Die zulässige Klage ist begründet. Der Kläger hat gegen die Beklagte einen Anspruch auf Unterlassung der beanstandeten geschäftlichen Handlungen aus den §§ 7 Abs.1 Satz 1 und Abs.2 Ziffer 2., 8 Abs.1 und Abs.3 Ziffer 3. UWG. Der Zahlungsanspruch folgt aus § 12 Abs.1 Satz 2 UWG.

1. Die im Tatbestand wiedergegebenen Anträge des Klägers zu I. stellen gegenüber dem ursprünglichen Klageantrag zu I. in der Fassung der Klageschrift vom 05.08.2011, der inhaltlich Ziffer 1. a) des Urteilstenors entsprach, eine gemäß § 264 Ziffer 2. ZPO zulässige, rein qualitative Änderung des Klageantrages bei gleich bleibendem Klagegrund dar (vgl. nur Zöller/Greger, ZPO, 29. Aufl. 2012, § 264 Rd.3 bis 3b). In dieser geänderten Antragsfassung ist weder eine Teilklagerücknahme noch eine gegebenenfalls streitwerterhöhend wirkende Erweiterung des Klagebegehrens enthalten (vgl. dazu Zöller/Greger, aaO., Rd.3c bis 4a).

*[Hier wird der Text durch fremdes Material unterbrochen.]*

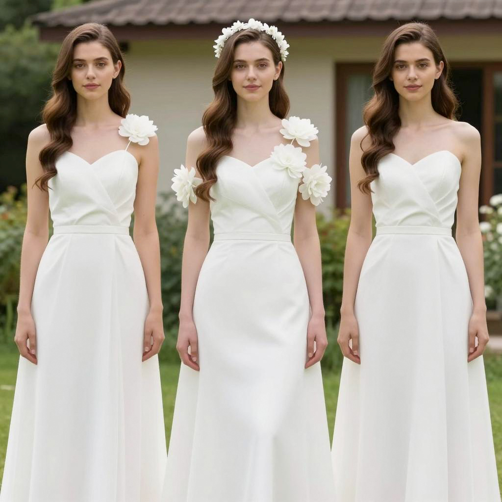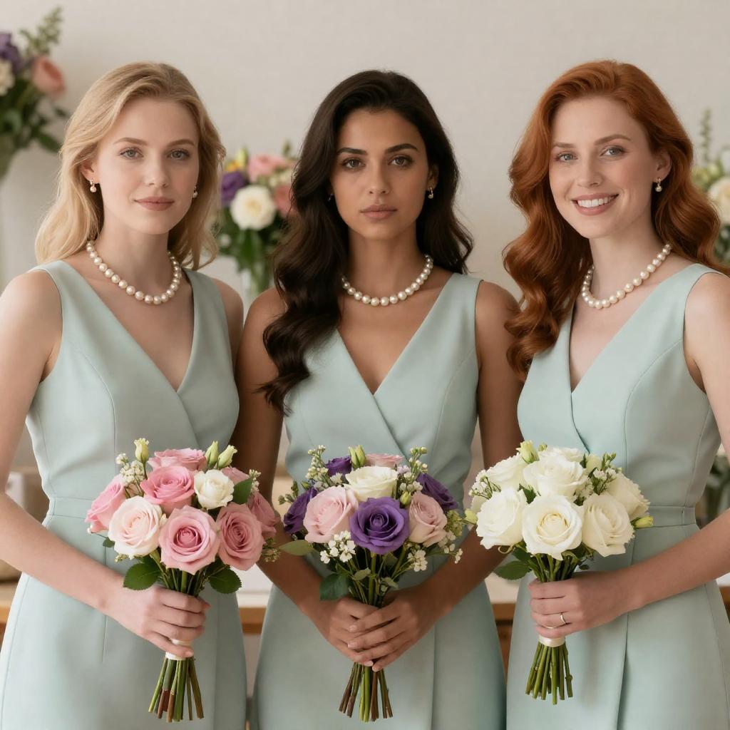 Three women in light green dresses and pearl necklaces, holding bouquets of pink, purple, and white flowers. Blonde woman on left, brunette woman in center with serious expression, reddish-brown haired woman on right smiling. Indoor setting with floral arrangements in background.
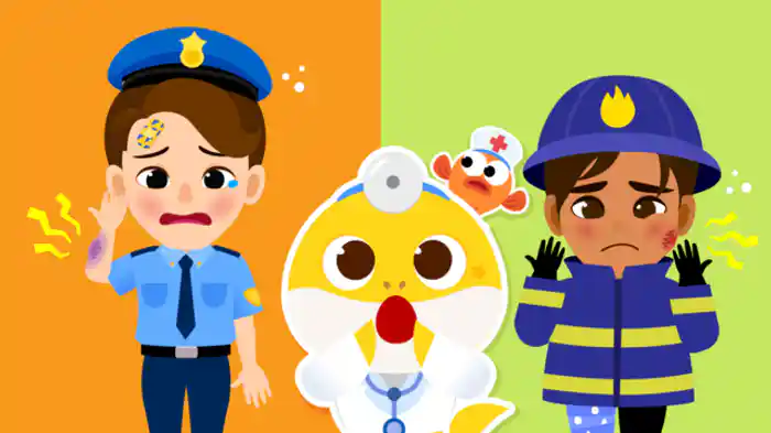 ベイビーシャーク病院に、怪我をしたおまわりさん、消防士さん、整備士さんがやってくる。ベイビーシャーク先生とウィリアム看護師が、それぞれの怪我を丁寧に診察し、治療する。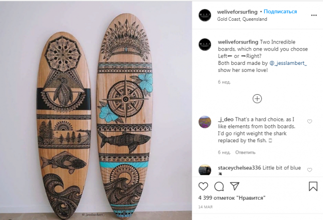 Аккаунт посвященный серфингу и всему, что с ним связано. На площадку подписано 129 017 человек.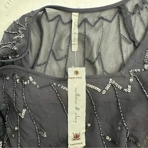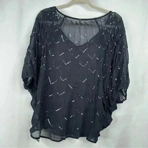 NWT Willow & Clay NORDSTROM Sequin Beaded Sheer Top Dolman Sleeve Blouse Size M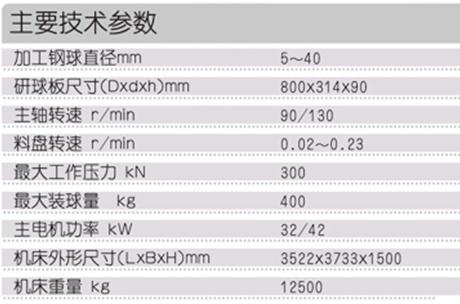 本機床采用臥式布局和循環加工方式。主機床身重約5000kg,內部加強筋布局合理,以提高強度,機床耐沖擊性和抗變形能力增強。主機與主傳動分離,料盤采用傾斜方式,料盤的旋轉采用交流變頻調速。進球口處增加爬球坡道,直接從料盤切線處進球。加壓方式采用液壓驅動,蓄能器保壓裝置。通過改變雙速電機的極數可得到主軸兩檔轉速。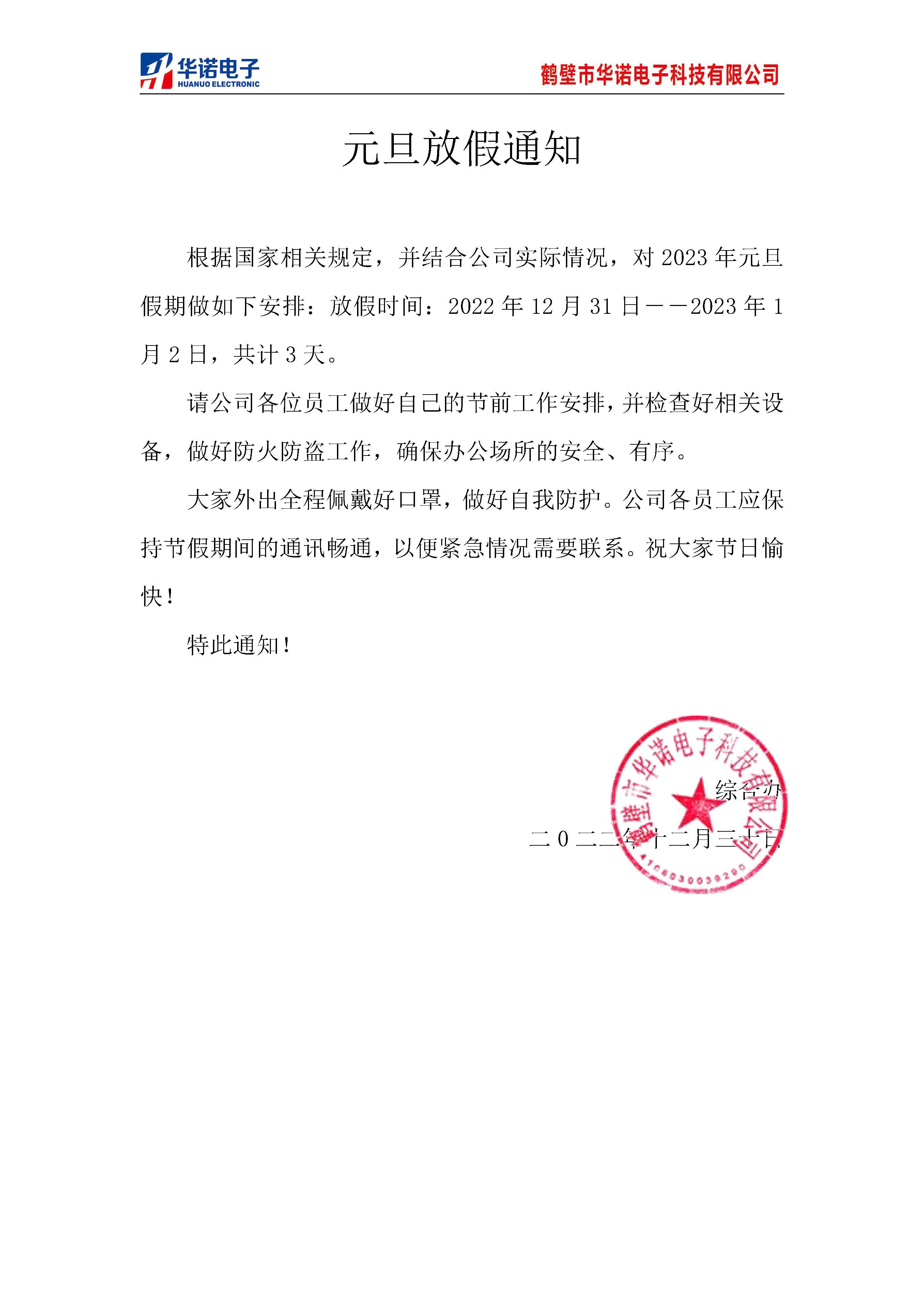 ●【華諾電子 | 放假通知】華諾煤檢儀器 元旦放假通知!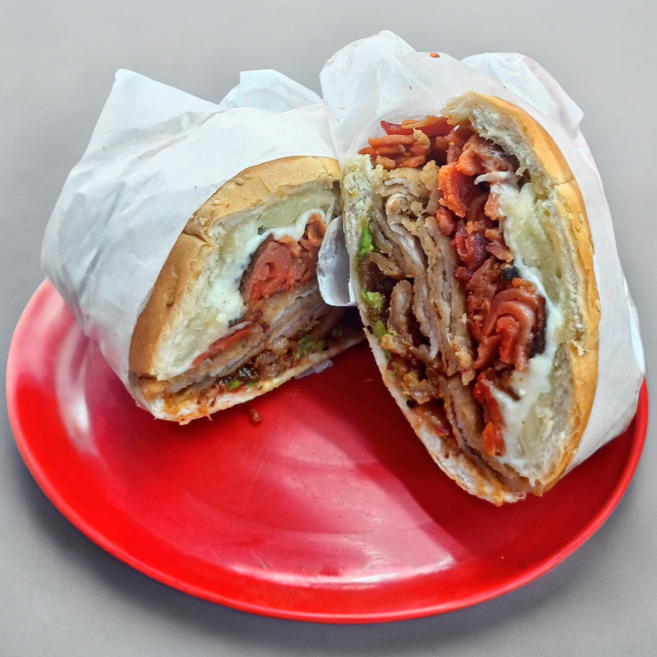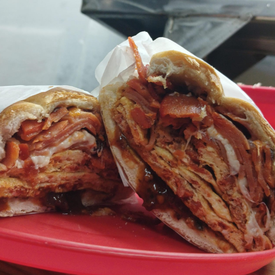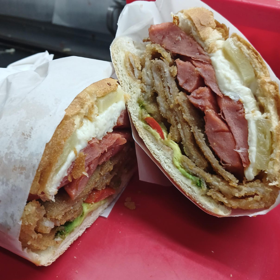La más completa de todas: milanesa, pierna, salchicha, jamón, chorizo, queso blanco, queso amarillo, huevo, quesillo y piña.

Die mit der Klageschrift zur Begründung für den darin formulierten Unterlassungsantrag vorgetragenen Verletzungshandlungen (vgl. zum Begriff: v.Ungern-Sternberg GRUR 2009, 1009, 1011 unter IV.3.) bilden einen einheitlichen Streitgegenstand. Dies folgt aus dem auch im Wettbewerbsrecht geltenden zweigliedrigen Streitgegenstandsbegriff, wonach der Streitgegenstand eines Verfahrens einerseits durch den konkreten - hier unverändert einheitlichen - Klageantrag und andererseits durch den Lebenssachverhalt bestimmt wird, aus dem der Kläger die von ihm begehrte Rechtsfolge ableitet (vgl. BGH GRUR 2006, 421, 422 Rd.25ff. = BGHZ 166, 253ff. = NJW-RR 2006, 1118ff. - „Markenparfümverkäufe“; Köhler/Bornkamm, UWG, 29. Aufl. 2011, § 12 Rd.2.23; Götz, GRUR 2008, 401 jeweils m.w.N.). Definiert sich aber der Begriff des Lebenssachverhaltes aus einem tatsächlichen Geschehen, das bei natürlicher Betrachtungsweise nach der Verkehrsauffassung einen einheitlichen Vorgang darstellt (vgl. nur Zöller/Vollkommer, ZPO, aaO., Einleitung Rd.83; v.Ungern-Sternberg GRUR 2009, 1012f. unter IV.5.a) jeweils mit weiteren Rechtsprechungsnachweisen), dann bilden die hier mit der Klageschrift vom 05.08.2011 gleichzeitig vorgetragenen gleichartigen Verletzungshandlungen in Form von Werbeanrufen ohne vorherige ausdrückliche Einwilligung gegenüber den Zeugen M, N, S und K einen einheitlichen Klagegrund (vgl. BGH GRUR 2006, 421, 422 Rd.26; v.Ungern-Sternberg, aaO., 1013f. unter IV.5.b); ders. GRUR 2011, 375, 382f. jeweils m.w.N.). Denn allen Telefonaten fehlte nach dem Klägervortrag das entscheidende rechtfertigende Element (vgl. nur Köhler/Bornkamm, aaO., § 7 Rd.134) der vorherigen ausdrücklichen Einwilligung, so dass allein hierdurch schon die für alle Telefonate einschlägige gleiche Anspruchsgrundlage (§§ 7 Abs.1 Satz 1 und Abs.2 Ziffer 2., 8 Abs.1 UWG) erfüllt war (vgl. dazu auch Zöller/Vollkommer, aaO., Einleitung Rd.76; Köhler/Bornkamm, aaO., § 12 Rd.2.23 am Ende).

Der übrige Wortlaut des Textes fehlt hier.